- ACTION ITEM -
Apart from the images, reproduce all of the data word for word.

- TASK DATA -
╔══
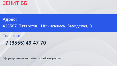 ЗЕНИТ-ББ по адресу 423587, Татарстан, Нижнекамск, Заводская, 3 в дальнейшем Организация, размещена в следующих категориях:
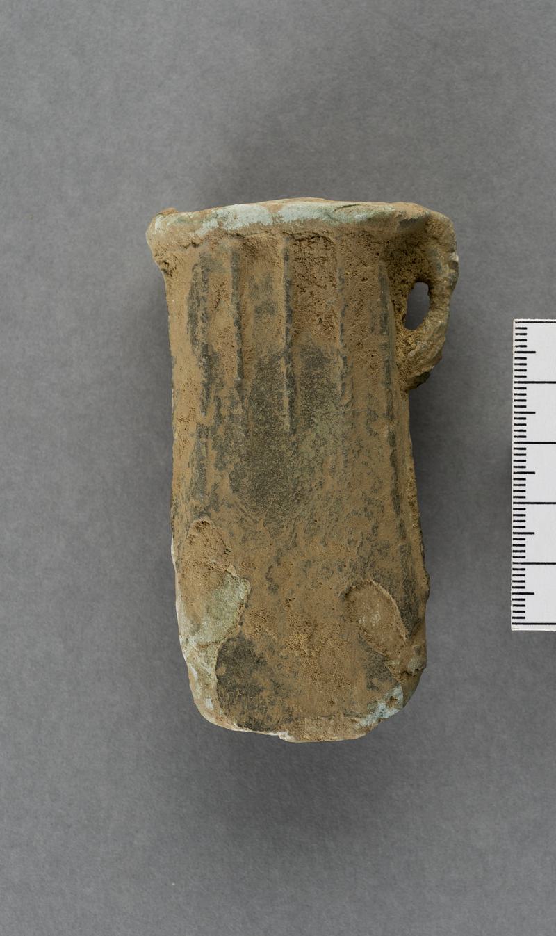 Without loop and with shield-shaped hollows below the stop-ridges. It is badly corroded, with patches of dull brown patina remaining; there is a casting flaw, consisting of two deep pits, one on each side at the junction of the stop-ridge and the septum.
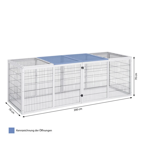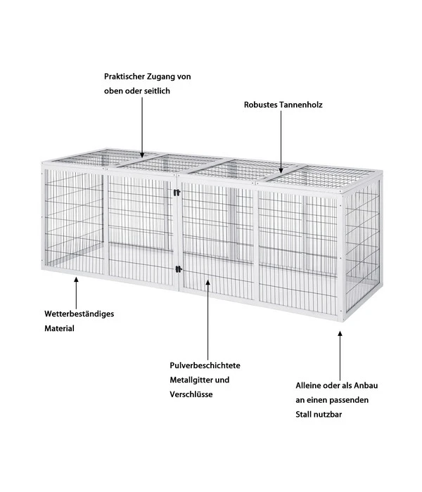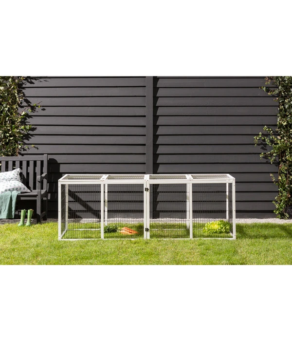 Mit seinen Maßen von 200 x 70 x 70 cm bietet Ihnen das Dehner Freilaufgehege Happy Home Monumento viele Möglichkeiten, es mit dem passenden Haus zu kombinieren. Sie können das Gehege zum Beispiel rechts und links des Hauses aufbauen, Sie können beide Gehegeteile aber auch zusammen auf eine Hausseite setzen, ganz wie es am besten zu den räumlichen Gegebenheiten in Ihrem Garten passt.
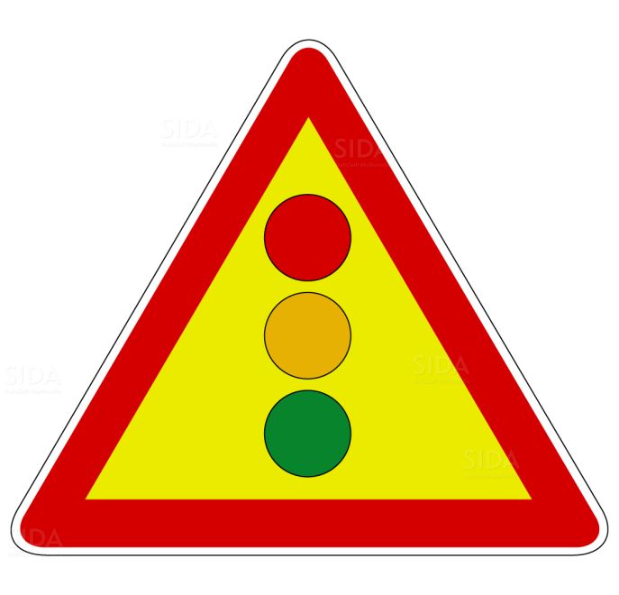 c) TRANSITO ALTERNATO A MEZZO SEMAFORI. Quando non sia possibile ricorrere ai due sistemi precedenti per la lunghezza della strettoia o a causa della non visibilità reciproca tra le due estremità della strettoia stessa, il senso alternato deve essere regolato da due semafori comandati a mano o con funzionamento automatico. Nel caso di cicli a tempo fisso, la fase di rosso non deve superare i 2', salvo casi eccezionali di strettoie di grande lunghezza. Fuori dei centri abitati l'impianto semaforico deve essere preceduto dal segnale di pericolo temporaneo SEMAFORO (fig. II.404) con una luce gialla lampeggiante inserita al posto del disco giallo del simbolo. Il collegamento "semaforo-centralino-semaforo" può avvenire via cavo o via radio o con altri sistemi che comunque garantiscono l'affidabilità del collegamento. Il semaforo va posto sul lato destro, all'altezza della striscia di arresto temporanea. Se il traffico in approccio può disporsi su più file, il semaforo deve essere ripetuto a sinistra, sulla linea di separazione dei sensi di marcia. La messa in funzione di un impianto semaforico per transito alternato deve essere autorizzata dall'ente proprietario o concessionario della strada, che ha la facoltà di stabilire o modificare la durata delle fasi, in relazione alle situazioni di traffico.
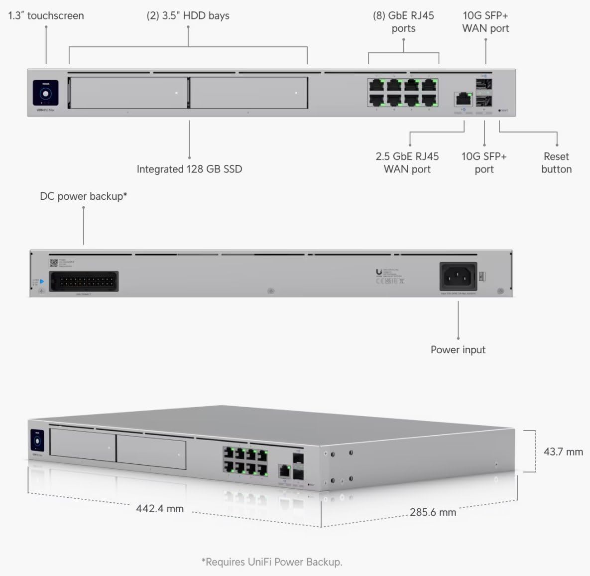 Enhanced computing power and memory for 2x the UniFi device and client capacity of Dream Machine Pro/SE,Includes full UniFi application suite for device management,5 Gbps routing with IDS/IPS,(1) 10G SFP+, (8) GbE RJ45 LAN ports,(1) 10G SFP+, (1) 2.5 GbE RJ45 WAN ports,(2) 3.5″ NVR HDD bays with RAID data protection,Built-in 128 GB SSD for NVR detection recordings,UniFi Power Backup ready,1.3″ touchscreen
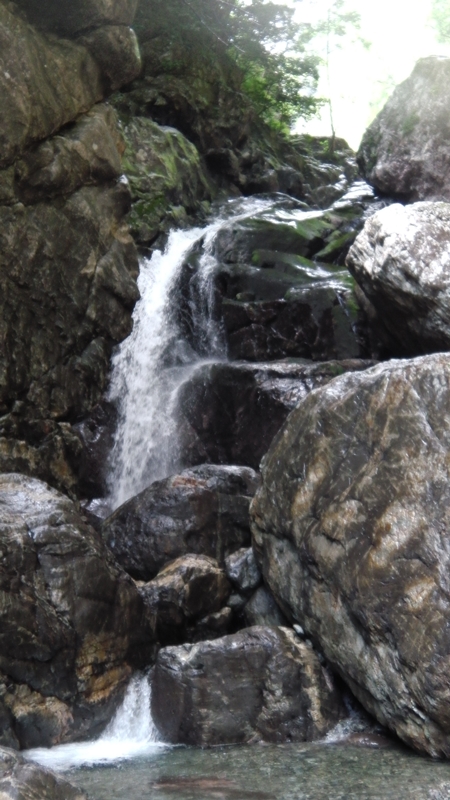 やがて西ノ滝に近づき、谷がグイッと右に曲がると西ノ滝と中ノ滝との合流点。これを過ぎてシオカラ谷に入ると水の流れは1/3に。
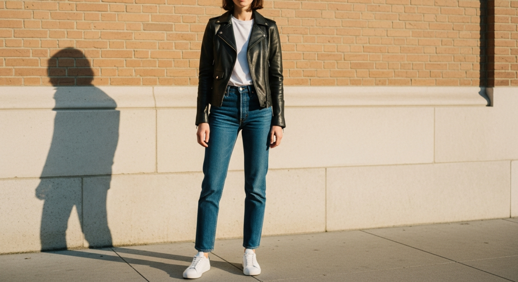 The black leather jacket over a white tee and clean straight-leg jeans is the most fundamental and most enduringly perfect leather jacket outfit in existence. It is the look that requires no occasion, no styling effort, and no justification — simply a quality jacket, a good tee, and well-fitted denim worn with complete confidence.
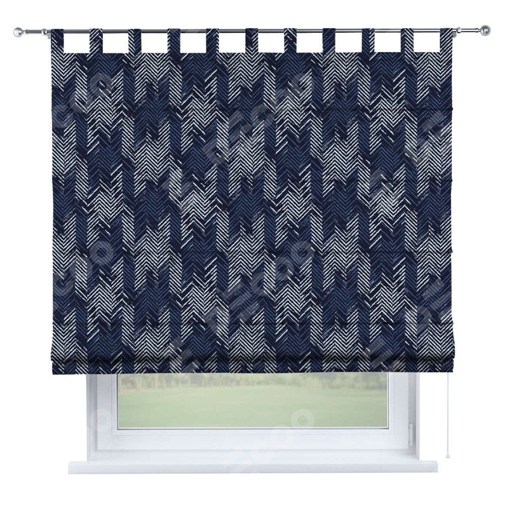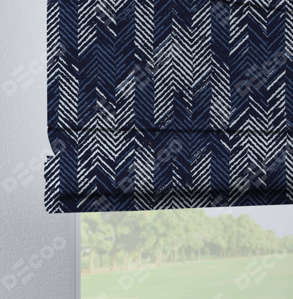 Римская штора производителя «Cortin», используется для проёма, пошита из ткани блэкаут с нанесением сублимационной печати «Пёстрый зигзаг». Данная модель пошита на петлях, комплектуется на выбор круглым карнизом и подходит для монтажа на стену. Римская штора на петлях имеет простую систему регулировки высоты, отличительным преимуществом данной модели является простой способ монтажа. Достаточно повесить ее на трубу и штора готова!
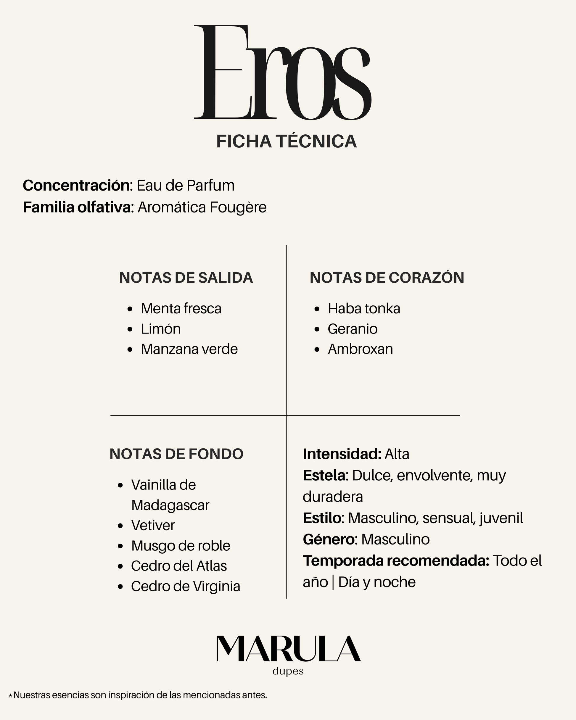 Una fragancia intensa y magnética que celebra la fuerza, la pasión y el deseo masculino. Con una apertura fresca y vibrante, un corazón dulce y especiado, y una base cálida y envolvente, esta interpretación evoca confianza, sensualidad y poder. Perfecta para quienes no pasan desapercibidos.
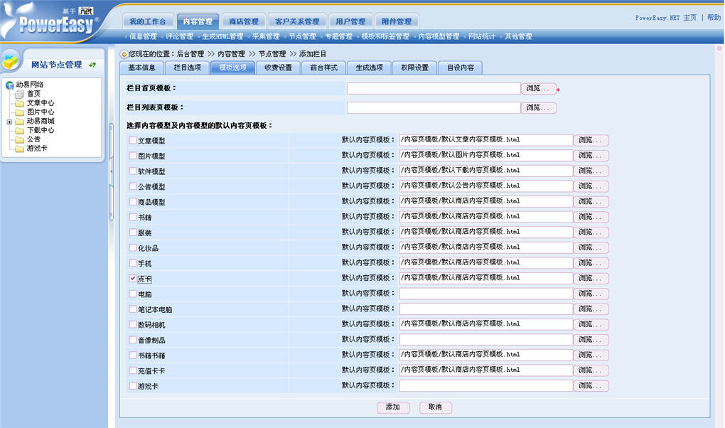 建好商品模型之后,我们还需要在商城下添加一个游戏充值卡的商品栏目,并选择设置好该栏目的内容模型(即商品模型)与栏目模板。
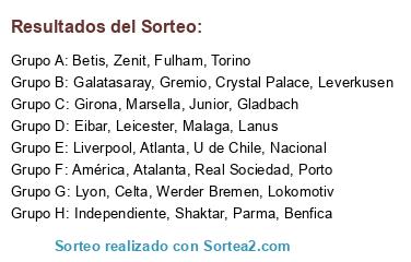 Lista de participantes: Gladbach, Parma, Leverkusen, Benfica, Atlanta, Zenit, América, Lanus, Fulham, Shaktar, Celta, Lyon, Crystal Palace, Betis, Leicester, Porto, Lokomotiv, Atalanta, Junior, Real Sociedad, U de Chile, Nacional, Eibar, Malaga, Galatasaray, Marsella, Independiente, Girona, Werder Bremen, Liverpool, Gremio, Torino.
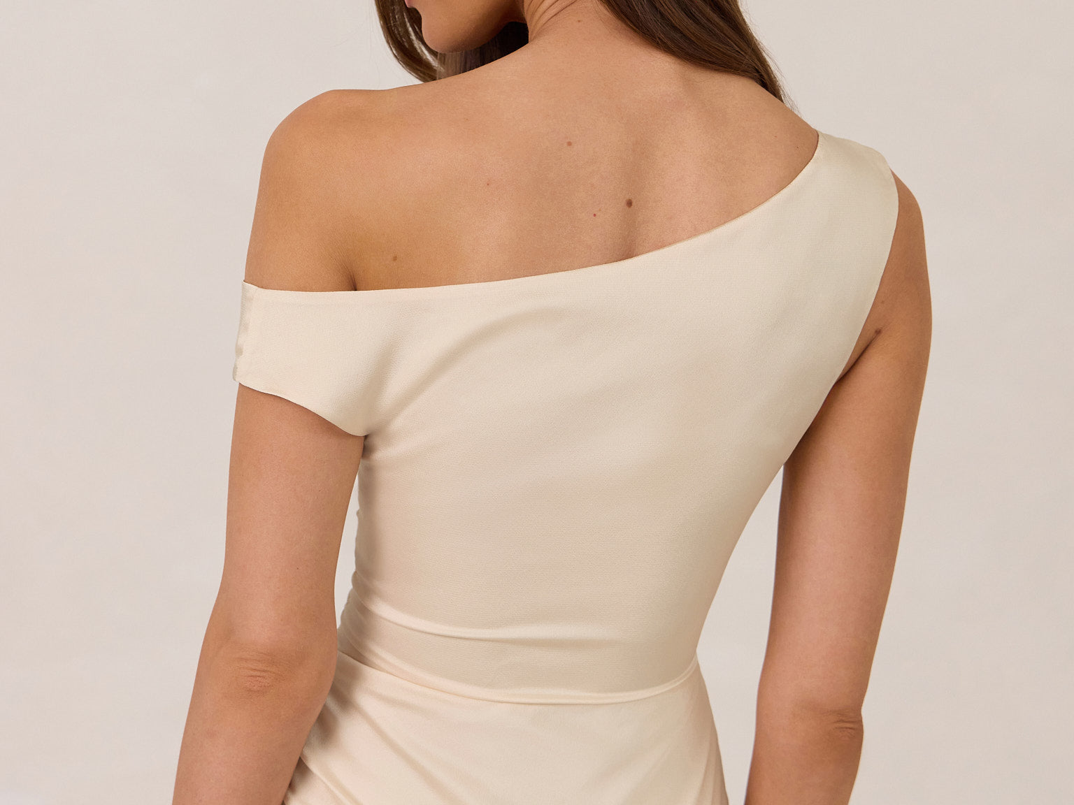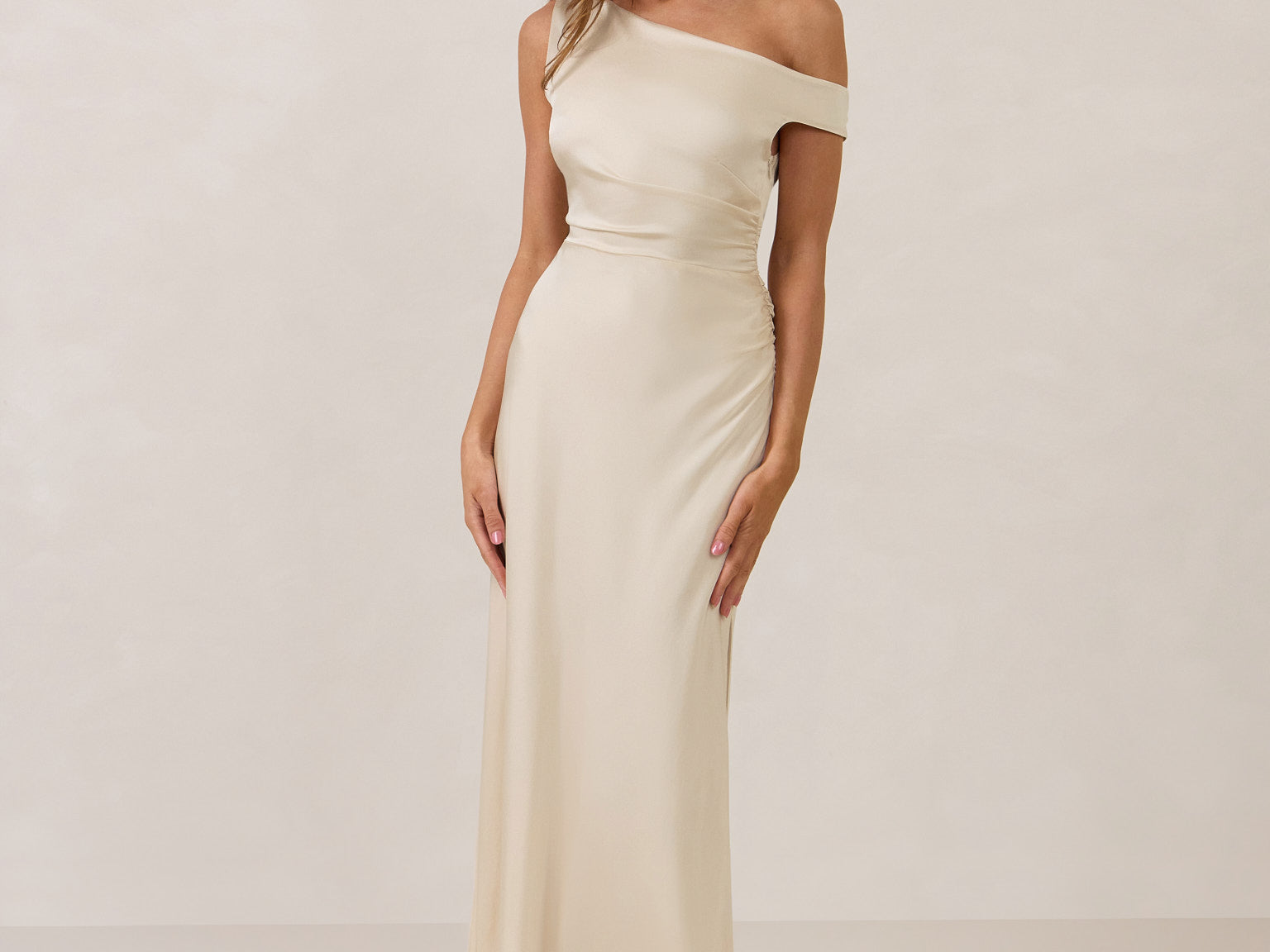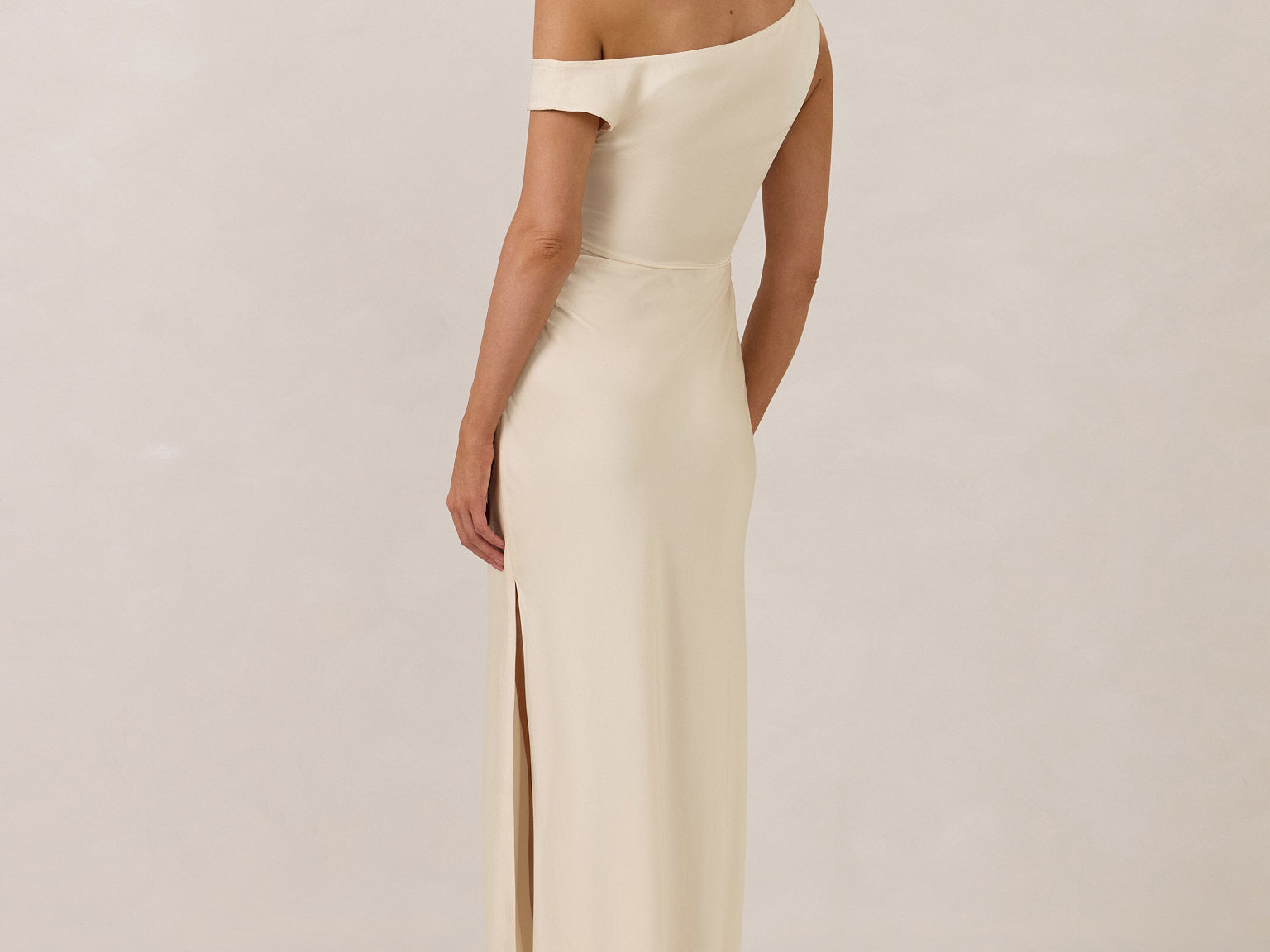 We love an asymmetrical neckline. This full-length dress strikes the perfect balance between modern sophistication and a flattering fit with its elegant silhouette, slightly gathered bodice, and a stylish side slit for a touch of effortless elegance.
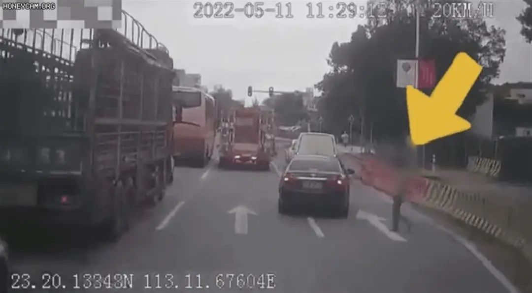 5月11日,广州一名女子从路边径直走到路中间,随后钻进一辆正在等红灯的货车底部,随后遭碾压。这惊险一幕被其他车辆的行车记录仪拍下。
╚══
- TASK RESULT -
 ЗЕНИТ-ББ по адресу 423587, Татарстан, Нижнекамск, Заводская, 3 в дальнейшем Организация, размещена в следующих категориях:
 Without loop and with shield-shaped hollows below the stop-ridges. It is badly corroded, with patches of dull brown patina remaining; there is a casting flaw, consisting of two deep pits, one on each side at the junction of the stop-ridge and the septum.
 Mit seinen Maßen von 200 x 70 x 70 cm bietet Ihnen das Dehner Freilaufgehege Happy Home Monumento viele Möglichkeiten, es mit dem passenden Haus zu kombinieren. Sie können das Gehege zum Beispiel rechts und links des Hauses aufbauen, Sie können beide Gehegeteile aber auch zusammen auf eine Hausseite setzen, ganz wie es am besten zu den räumlichen Gegebenheiten in Ihrem Garten passt.
 c) TRANSITO ALTERNATO A MEZZO SEMAFORI. Quando non sia possibile ricorrere ai due sistemi precedenti per la lunghezza della strettoia o a causa della non visibilità reciproca tra le due estremità della strettoia stessa, il senso alternato deve essere regolato da due semafori comandati a mano o con funzionamento automatico. Nel caso di cicli a tempo fisso, la fase di rosso non deve superare i 2', salvo casi eccezionali di strettoie di grande lunghezza. Fuori dei centri abitati l'impianto semaforico deve essere preceduto dal segnale di pericolo temporaneo SEMAFORO (fig. II.404) con una luce gialla lampeggiante inserita al posto del disco giallo del simbolo. Il collegamento "semaforo-centralino-semaforo" può avvenire via cavo o via radio o con altri sistemi che comunque garantiscono l'affidabilità del collegamento. Il semaforo va posto sul lato destro, all'altezza della striscia di arresto temporanea. Se il traffico in approccio può disporsi su più file, il semaforo deve essere ripetuto a sinistra, sulla linea di separazione dei sensi di marcia. La messa in funzione di un impianto semaforico per transito alternato deve essere autorizzata dall'ente proprietario o concessionario della strada, che ha la facoltà di stabilire o modificare la durata delle fasi, in relazione alle situazioni di traffico.
 Enhanced computing power and memory for 2x the UniFi device and client capacity of Dream Machine Pro/SE,Includes full UniFi application suite for device management,5 Gbps routing with IDS/IPS,(1) 10G SFP+, (8) GbE RJ45 LAN ports,(1) 10G SFP+, (1) 2.5 GbE RJ45 WAN ports,(2) 3.5″ NVR HDD bays with RAID data protection,Built-in 128 GB SSD for NVR detection recordings,UniFi Power Backup ready,1.3″ touchscreen
 やがて西ノ滝に近づき、谷がグイッと右に曲がると西ノ滝と中ノ滝との合流点。これを過ぎてシオカラ谷に入ると水の流れは1/3に。
 The black leather jacket over a white tee and clean straight-leg jeans is the most fundamental and most enduringly perfect leather jacket outfit in existence. It is the look that requires no occasion, no styling effort, and no justification — simply a quality jacket, a good tee, and well-fitted denim worn with complete confidence.
 Римская штора производителя «Cortin», используется для проёма, пошита из ткани блэкаут с нанесением сублимационной печати «Пёстрый зигзаг». Данная модель пошита на петлях, комплектуется на выбор круглым карнизом и подходит для монтажа на стену. Римская штора на петлях имеет простую систему регулировки высоты, отличительным преимуществом данной модели является простой способ монтажа. Достаточно повесить ее на трубу и штора готова!
 Una fragancia intensa y magnética que celebra la fuerza, la pasión y el deseo masculino. Con una apertura fresca y vibrante, un corazón dulce y especiado, y una base cálida y envolvente, esta interpretación evoca confianza, sensualidad y poder. Perfecta para quienes no pasan desapercibidos.
 建好商品模型之后,我们还需要在商城下添加一个游戏充值卡的商品栏目,并选择设置好该栏目的内容模型(即商品模型)与栏目模板。
 Lista de participantes: Gladbach, Parma, Leverkusen, Benfica, Atlanta, Zenit, América, Lanus, Fulham, Shaktar, Celta, Lyon, Crystal Palace, Betis, Leicester, Porto, Lokomotiv, Atalanta, Junior, Real Sociedad, U de Chile, Nacional, Eibar, Malaga, Galatasaray, Marsella, Independiente, Girona, Werder Bremen, Liverpool, Gremio, Torino.
 We love an asymmetrical neckline. This full-length dress strikes the perfect balance between modern sophistication and a flattering fit with its elegant silhouette, slightly gathered bodice, and a stylish side slit for a touch of effortless elegance.
 5月11日,广州一名女子从路边径直走到路中间,随后钻进一辆正在等红灯的货车底部,随后遭碾压。这惊险一幕被其他车辆的行车记录仪拍下。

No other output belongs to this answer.